What all parameters to consider while coming up with a Quality Score for teams in the company?

At my company we are looking to introduce the notion of Quality Score which should give a score for each team in terms of how well they are doing from Quality point of view. Apart from the score they should also be able to navigate and look for details due to which their score is less (dashboard kind of a thing). Some parameters can be like -

  1. Unit test coverage (server side + client side)
  2. Integration test coverage (server side + client side)
  3. Active Incidents per month etc.

I am looking to understand more details like what more parameters we can consider on this and if other mature companies have already adopted something like this, that will be very helpful. Also if you guys can link any material which might be related to this topic as well!

Thank you


Sorry if I missed it, but which quality and what property are you looking to measure?
Why? And what do you intend to do with it?

Some examples of reasonable properties I’ve seen measured:

  • Monthly distinct client reports(ideally categorized) available in the Call-Center/Support - Take every few months the top one in case of a feature and try to tackle it(adapt, rewrite, add); Goal: decrease costs in the support department, increase the client support capability(as they were able to only tackle 60% of demands in certain months);
  • Product/services availability; ideally the site is up 99.99(9)% and there’s no sales revenue impacted; This meant adding dashboards of servers, resources, APIs logs with response times and errors, etc… Review regularly to increase stability and availability.
  • ISO 9001:2015 - a nice-to-have label for some brands and a good sales/confidence point;
  • User engagement through the features/screens - through something like Google Analytics/GTM, MouseFlow; this leads the business to reevaluate certain designs, flows, and information provided to streamline the process from landing to checkout.
  • A technical one: the volume of API calls which ends up costing sometimes a lot and many chained ones can increase the response time as well; coupled then with an analysis of what makes sense, and what can be redesigned technically or related to the user flow.
  • Another tech. one: what’s, when’s being logged, and how much; Some systems log synchronously. And of course, for a new product, it’s useful to have plenty of logs to work with and debug. But in turn, when there’s high traffic this can slow the entire product down, or even crash it;
  • For desktop/mobile apps: crash logs; this would reflect the app stability and the amount of users that encounter a crash; There would be a goal to reduce the crashes to under X% chance per user.
  • A softer criterion: the amount of complaints received from C-level regarding the quality of the product;
  • Some rating for the product obtained from a 3rd party institution, or other types of reviewers. Of course, you’d want to do good to have good marketing.
  • Compliance with specific legislations, and directives under the scope of the type of product sold or business;

Seems that this is not a good idea, at least it sounds not really good from the description. I don’t get why you need this score, how you are going to use it, what problem it is supposed to resolve, or how it can be beneficial… The points you mentioned might be some sort of KPI in your company, some sort of your best practices or acceptance/quality criteria, etc but I don’t see them as part of “the notion of Quality Score which should give a score for each team in terms of how well they are doing from the Quality point of view". Generally speaking, " in terms of how well they are doing from the Quality point of view” is the very subjective idea of a “Quality Score” for different teams/products, and I can only see destructive consequences for the work process, environment, and the real productivity in your company


@ipstefan and @shad0wpuppet thanks for your responses and I understand why you say that this might be a bad idea. I will explain why we are exploring- it is so that we can give a high level metric to leadership that how are teams doing on quality front, for this we can weigh in several factors like how is your unit code coverage, integration coverage, e2e coverage, test flakiness score and some other parameters which I wanted to ask if other organisations might be using.
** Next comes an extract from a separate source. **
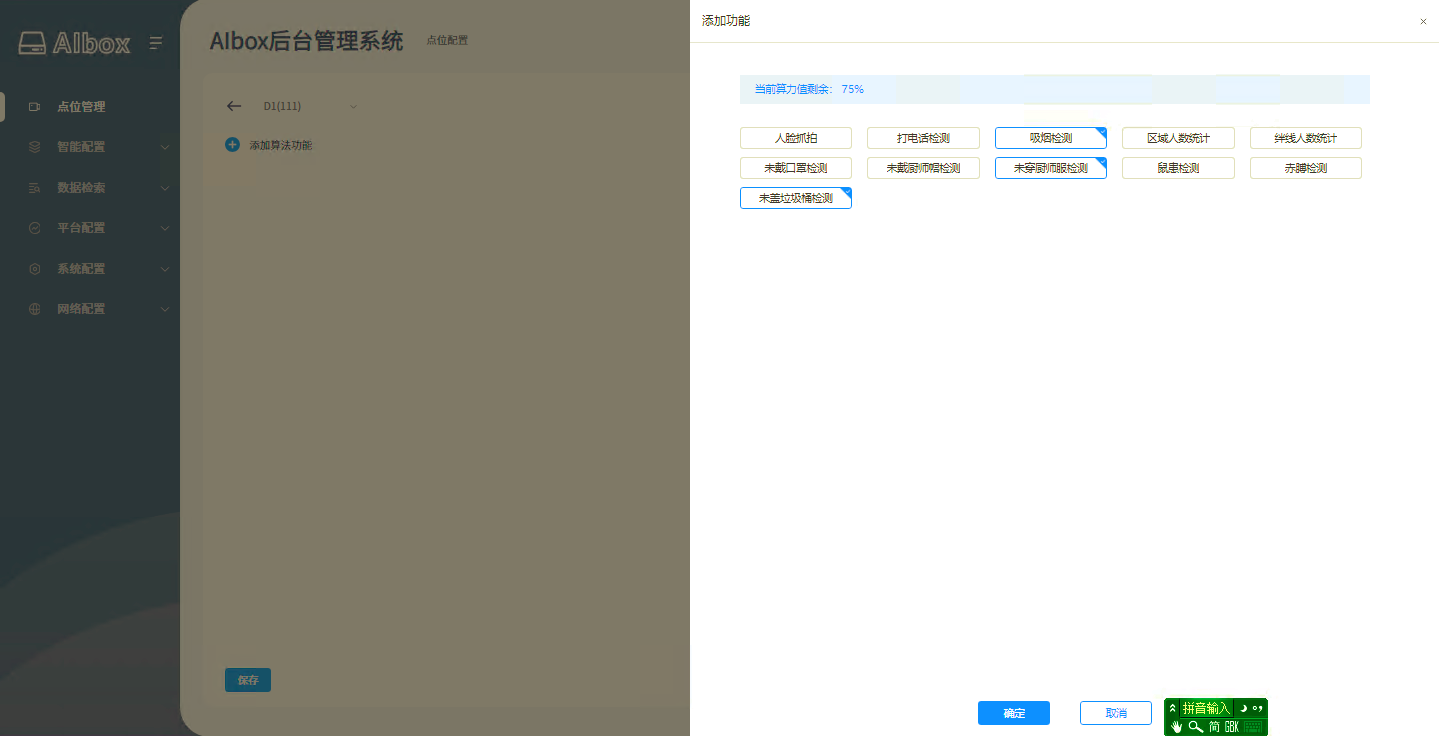 當攝像頭接入成功,我們可以在“實時預警”欄看到視頻畫面,然后分配ai算法成功,開始智能分析功能。

Answering your questions @ipstefan -

but which quality and what property are you looking to measure?

we want to measure quality for the software maintained by the team, this can include the parameters I mentioned above + some other metrics like active bugs, hot-fixes required, system downtime etc.

And what do you intend to do with it?

Possibly have a high level metric which one can look to judge the Reliability, Quality, and Availability of the squads owned features. This data can help us take actions in order to improve on these fronts.

I thought this might be a common notion but I guess it is not. If this is not the way, what other methods do we use to rate team Quality practices in an organisation?

1 Like

Have you perhaps looked into the DORA metrics?

Through six years of research, the DevOps Research and Assessment (DORA) team has identified four key metrics that indicate the performance of a software development team:

  • Deployment Frequency—How often an organization successfully releases to production
  • Lead Time for Changes—The amount of time it takes a commit to get into production
  • Change Failure Rate—The percentage of deployments causing a failure in production
  • Time to Restore Service—How long it takes an organization to recover from a failure in production

Btw: For the whole delivery, not testing only.


Hi @annie2131
Out of curiosity, I’m interested in understanding how you measure test coverage. While it seems feasible at the unit test level, I imagine the challenge increases significantly with more complex tests such as component and integration tests. Could you share your approach?

Thanks for sharing and clarifying why you’d like advice on this topic, Anshit.

I’m reminded of Michael Kutz (@mkutz)'s talk: How (Not) to Measure Quality

I like the Outer/Inner/Process model and its relationship to measuring a quality score. Lots of great advice in the talk. Plus a handy Q&A at the end, particularly Michael’s answer to: “How would you counsel management to use metrics in such a way that they will not undermine the psychological safety of a team?”

Source: How (Not) to Measure Quality | Ministry of Testing


This is very helpful @simon_tomes ! Thank you so much.

Thanks @simon_tomes.

In deed I think it is very important to be aware of the perspective you take.

Unit/Integration Test Coverage IMHO is a pure developer metric (and not a good one).
The question most people think this metric answers is basically “How good is this stuff covered by tests?”. What is really answers is the question “Which/how much code is not executed by unit tests?”.
Note that executed is far from tested. A test that has no assertions is not really a test, yet it raises coverage.

To interpret this metric correctly, one needs an overview of the code base at hand. From a bird’s eye view low numbers are alarming, but high numbers shouldn’t be calming. That’s bad, because people can’t help but think that way and make bad decisions.

Active incidents per month is not a bad one. In my diagram it would be pretty much in the middle as it is influenced by development, product, and process. Development because that’s where the bugs are being added. Product because pressuring for new features can cause hasty development. Process because insufficient staffing and other strategic decisions do the same on the longer run.

If you’re interested more in these IMHO rather management relevant metrics, I would recommend to look at the DORA metics (as @jesper already said above) and to consider reading the Accelerate Book. It helped me a lot.

By the way I wrote this article on the topic, in which I go deeper in the potential fatal side-effects of measuring quality.
I think it is important to note that they exist to chose proper metrics.

Hope this helps.